L'allenamento era estenuante. La tempra del fisico accompagnava quella della psiche. Il mio maestro curava la mia preparazione nel combattimento con la spada, a mani nude, e nella manipolazione del warp. Non so dire quante volte mi sono sentito più morto che vivo, ma sta di fatto che ogni volta che succedeva, mi risvegliavo vedendo le spalle del mio maestro che si allontanava da me, pronto a mettermi nuovamente alla prova. Tutto attorno a me sangue. Non so dire per quanto tempo sia rimasto in questo monastero, quante ferite abbia riportato né tanto meno quante volte abbia rischiato la dannazione per la manipolazione troppo audace dei venti dell’Immaterium. Ma una cosa è certa: ogni momento che passava percepivo una forza crescere dentro di me in maniera devastante. Percepivo una consapevolezza sempre maggiore delle mie capacità. La barra di metallo affidatami dal mio inquisitore prendeva sempre più forma, come se percepisse la mia crescente forza e si modellasse secondo la mia volontà. Il mio maestro mi ripeteva all’infinito che quella non era altro che la rappresentazione materiale del mio potere psichico. E io non capivo. Non riuscivo a capire. Solo col tempo mi sono reso conto che non era altro che la verità. Ogni volta che rinvenivo da una ferita mortale notavo che la barra prendeva sempre più le sembianze di una spada. A volte sembrava brillare come se fosse pervasa essa stessa di poteri psichici. Ma non era che l’inizio. La combinazione del combattimento all’arma bianca con il potere psichico era il traguardo finale. Inarrivabile. Impossibile. Sembrava una leggenda che arrivava dalla terra, una storia che avrebbe potuto raccontare nostro nonno a Luther ed a me. Già. Luther. Fu proprio lui, una delle ultime volte che avvertii la sua voce, a dirmi che dovevo diventare più forte, anche di un destino che si stava manifestando sempre più oscuro e violento.

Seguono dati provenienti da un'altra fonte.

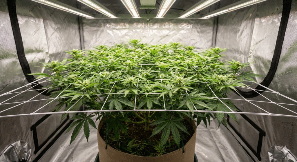- The SCROG (Screen of Green) Method: This is arguably the best technique for Jokerz. By using a trellis net to spread the canopy horizontally during veg and early flower, you ensure every bud site receives equal light intensity. This turns what would be lower “popcorn buds” into dense, A-grade flowers.

Brunch e Vetok rientrano in cabina, Mordecai alza gli occhi: «Ci sono novità e ordini dall’alto. Tra mezz’ora saltiamo fuori dal warp, dobbiamo incrociare un’altra nave che ci porterà su Solomon.»
Lo psyker spegne il data-slate e lo caccia in borsa.
Lixam si stira, borbottando qualcosa, mentre guardsman e chierico raccolgono le loro poche cose.